=== Section Start ===

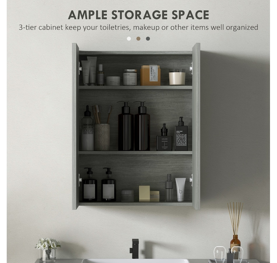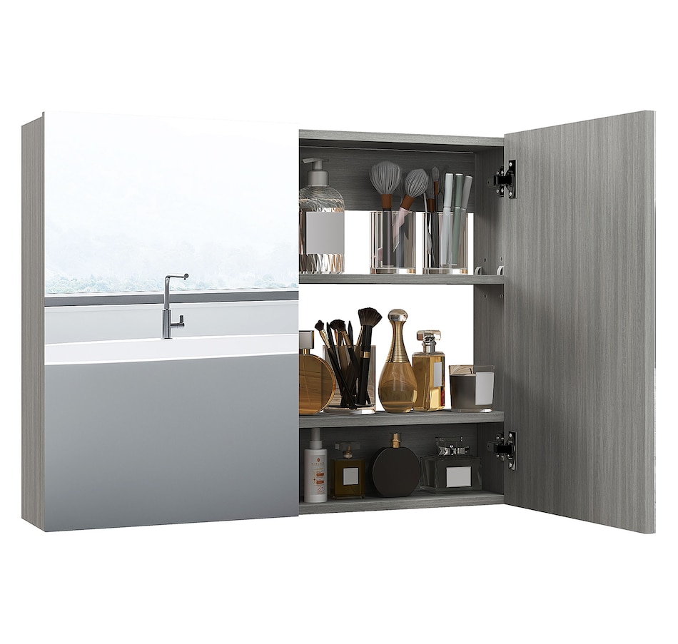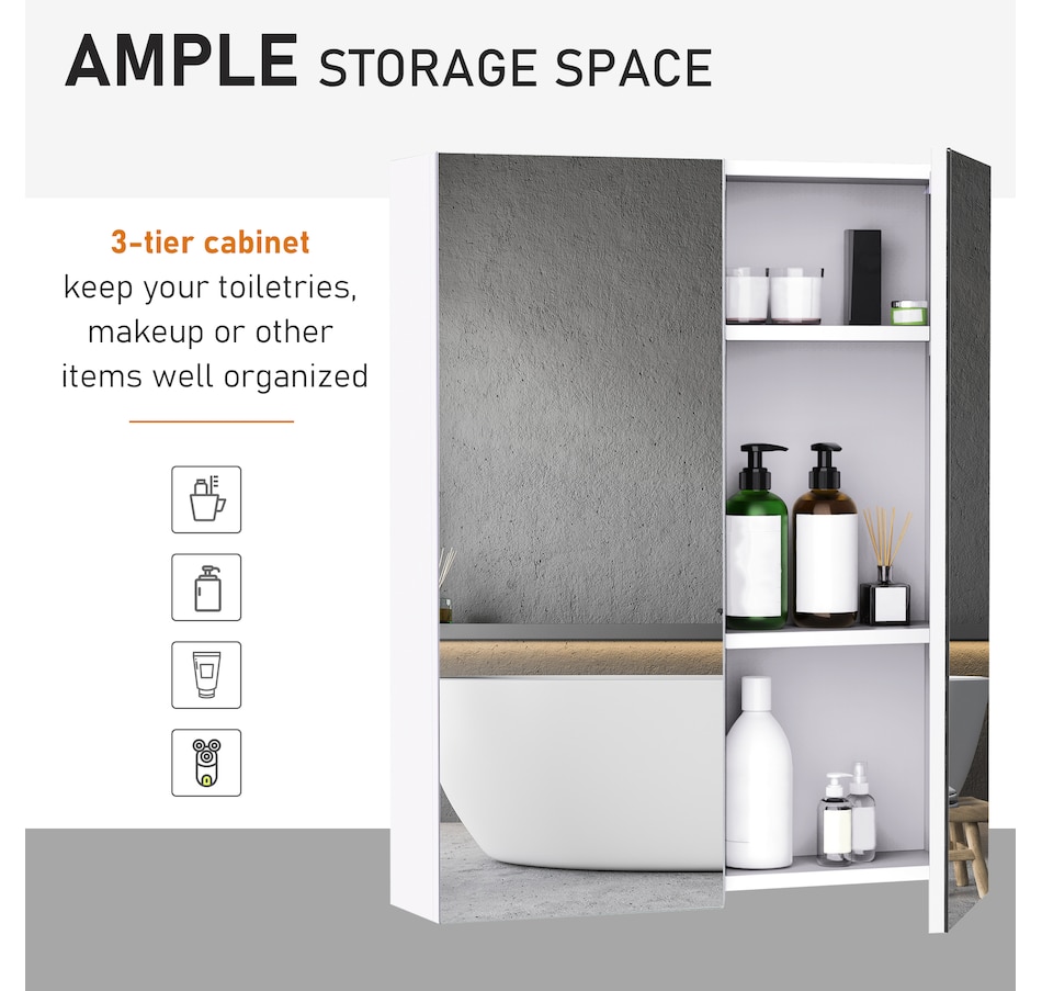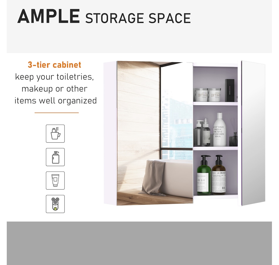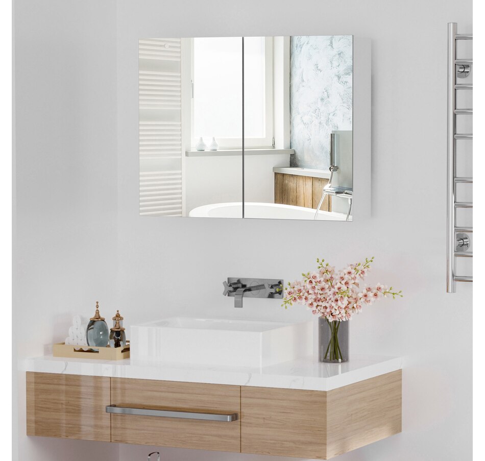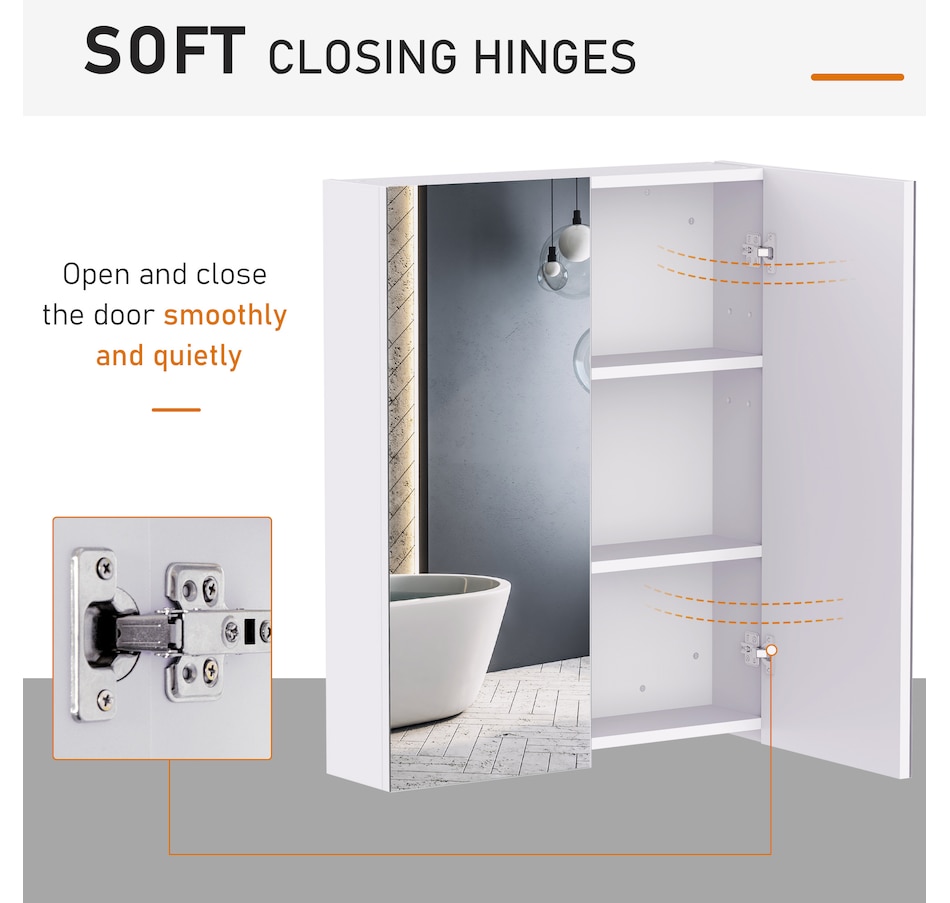 This stylish wall mounted mirror cabinet is a great necessity for any bathroom. Made of firm MDF and designed with double mirrored doors, it provides great storage space for your daily essentials. With an adjustable shelf, it can accommodate most articles you have. This HOMCOM medicine cabinet is absolutely a great solution for any bathroom.
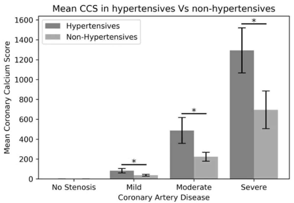 A high calcium score indicates an increased burden of atherosclerotic plaque in the coronary arteries. For hypertensive patients, this can be an essential tool for risk assessment. Since hypertension is a known risk factor for atherosclerosis and CAD, when combined with a high calcium score, it suggests a more significant risk of future cardiovascular events, such as heart attacks and strokes.
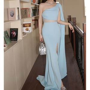 ワンショルダーシアーケープマーメイドドレス 8color D1687
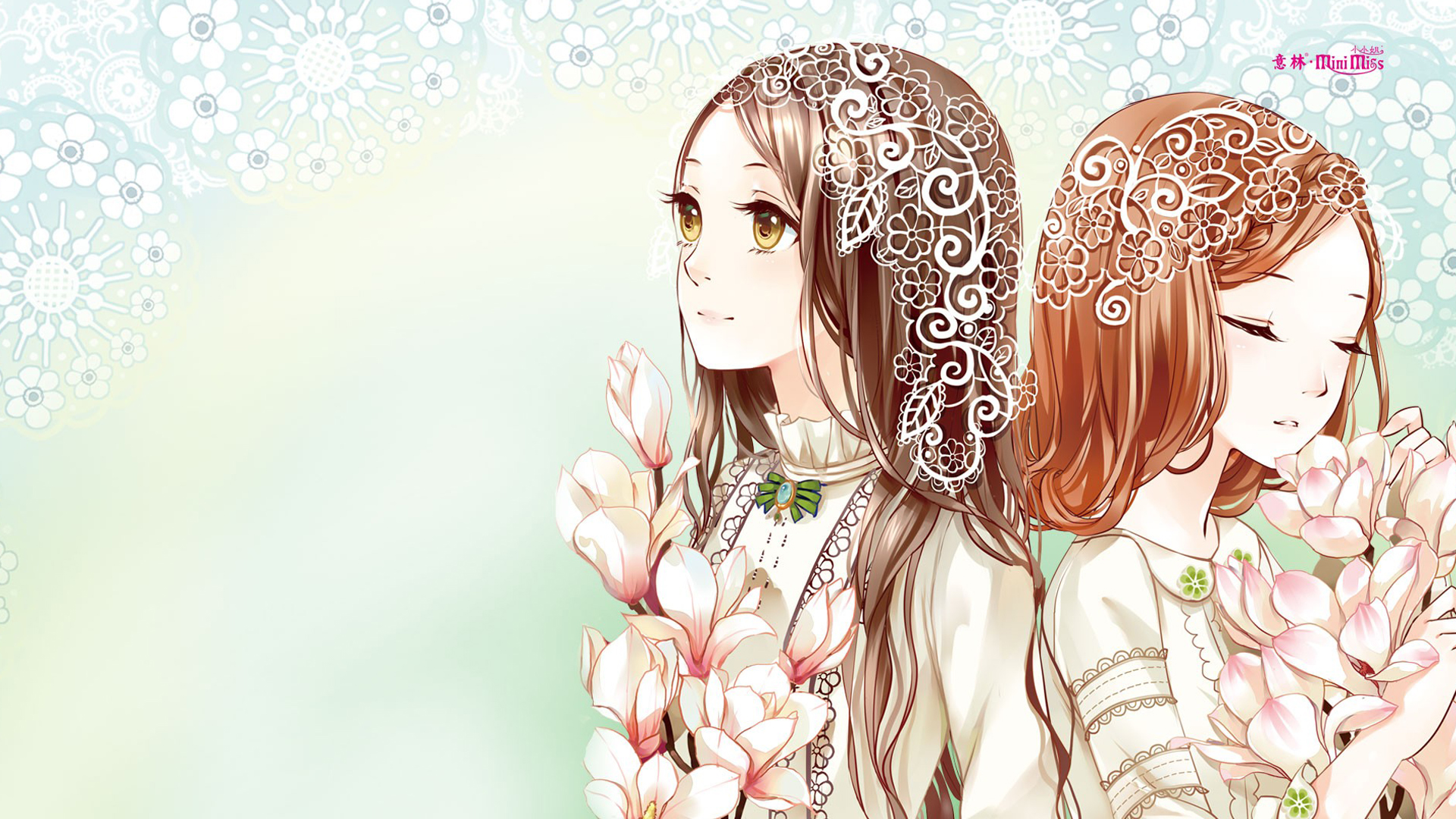 两个可爱女生香草花儿姐妹动漫桌面壁纸
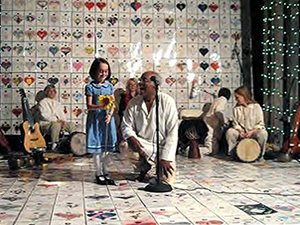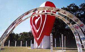 For our project we chose 1,500 hearts that were laminated by a local printer and with these created a large outdoor arena at Phillippi Estate Park in Sarasota, FL. Many events took place within this arena and everyone was surrounded by the “Peace” visions and ideas of our students. We rented the tallest, 40′ high, heart balloon in North America as our centerpiece and featured a marathon reading of the children’s writings. Music, poetry, dancing, meditation, and a prayer vigil also happened in this arena.
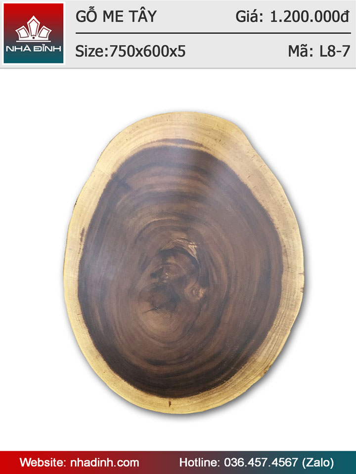 Mặt bàn gỗ Me Tây nguyên khối đường kính 75x60 dày 5 (cm)
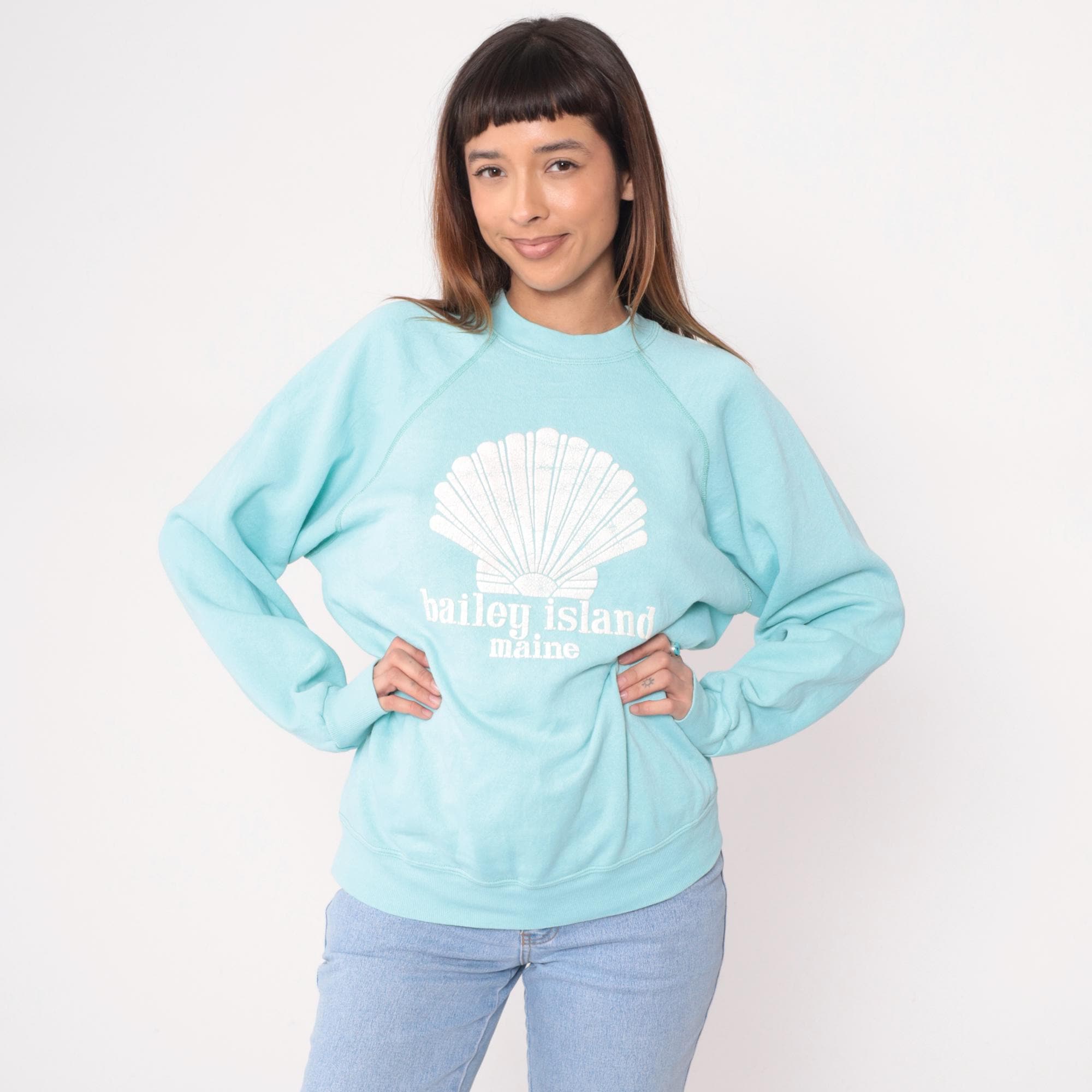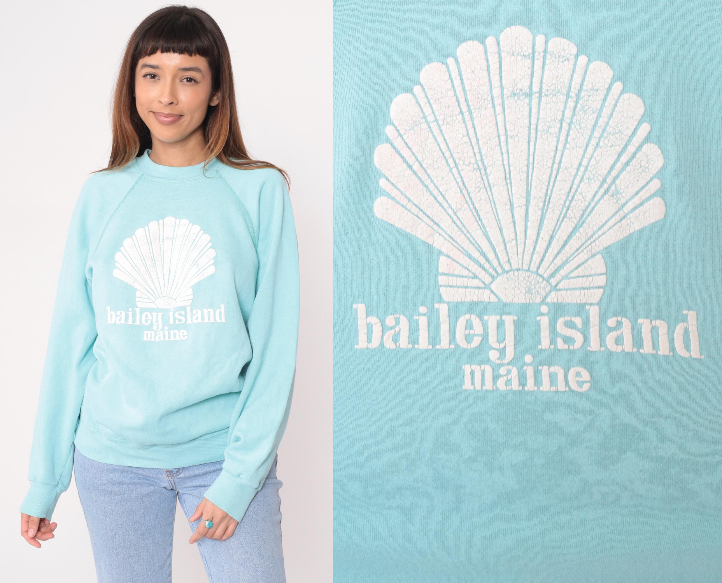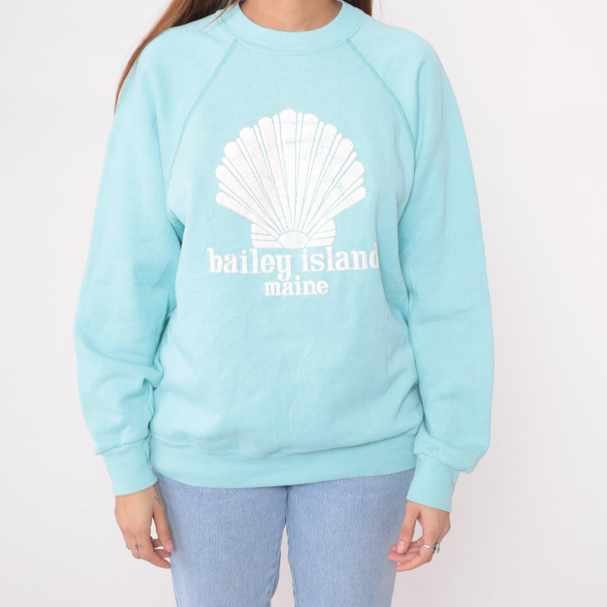80s pale blue sweatshirt from Tultex with "bailey island maine" graphic and white seashell illustration on front. Raglan sleeves, ribbed crewneck collar, ribbed cuffs and hem.
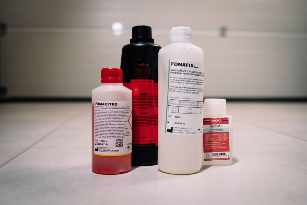 - COMPARD R09 (AGFA formuła Rodinal) 500ml – wywoływacz w płynie typu „one shot”. Czyli taki, który służy raz i jest do wyrzucenia. Stwierdziłem, że taki na początek będzie najłatwiejszy do zastosowania
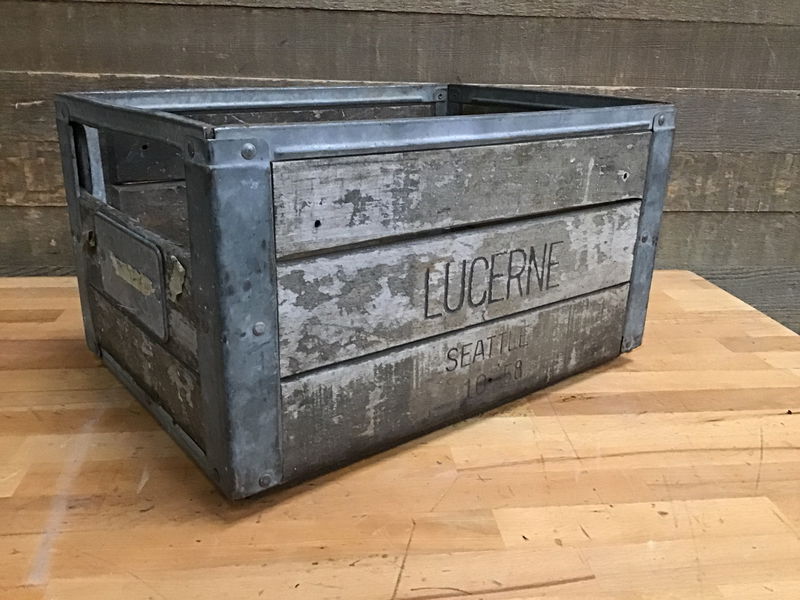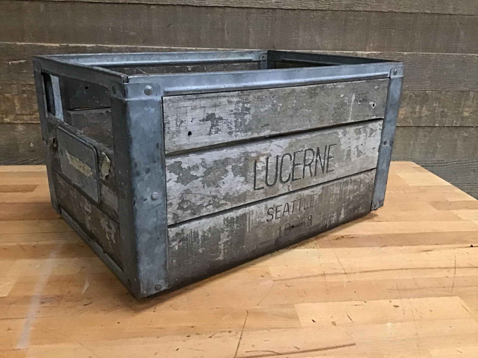 Lucerne Seattle milk crate dated to the late 50s. Missing a wood piece on one side and has a split at the base but could make a killer planter or other decorative yard thingy.

=== Section End ===

» WHAT TO PRODUCE
An exact printout of the listing is needed, minus any pictures it contains.

» RESPONSE AREA
 This stylish wall mounted mirror cabinet is a great necessity for any bathroom. Made of firm MDF and designed with double mirrored doors, it provides great storage space for your daily essentials. With an adjustable shelf, it can accommodate most articles you have. This HOMCOM medicine cabinet is absolutely a great solution for any bathroom.
 A high calcium score indicates an increased burden of atherosclerotic plaque in the coronary arteries. For hypertensive patients, this can be an essential tool for risk assessment. Since hypertension is a known risk factor for atherosclerosis and CAD, when combined with a high calcium score, it suggests a more significant risk of future cardiovascular events, such as heart attacks and strokes.
 ワンショルダーシアーケープマーメイドドレス 8color D1687
 两个可爱女生香草花儿姐妹动漫桌面壁纸
 For our project we chose 1,500 hearts that were laminated by a local printer and with these created a large outdoor arena at Phillippi Estate Park in Sarasota, FL. Many events took place within this arena and everyone was surrounded by the “Peace” visions and ideas of our students. We rented the tallest, 40′ high, heart balloon in North America as our centerpiece and featured a marathon reading of the children’s writings. Music, poetry, dancing, meditation, and a prayer vigil also happened in this arena.
 Mặt bàn gỗ Me Tây nguyên khối đường kính 75x60 dày 5 (cm)
80s pale blue sweatshirt from Tultex with "bailey island maine" graphic and white seashell illustration on front. Raglan sleeves, ribbed crewneck collar, ribbed cuffs and hem.
 - COMPARD R09 (AGFA formuła Rodinal) 500ml – wywoływacz w płynie typu „one shot”. Czyli taki, który służy raz i jest do wyrzucenia. Stwierdziłem, że taki na początek będzie najłatwiejszy do zastosowania
 Lucerne Seattle milk crate dated to the late 50s. Missing a wood piece on one side and has a split at the base but could make a killer planter or other decorative yard thingy.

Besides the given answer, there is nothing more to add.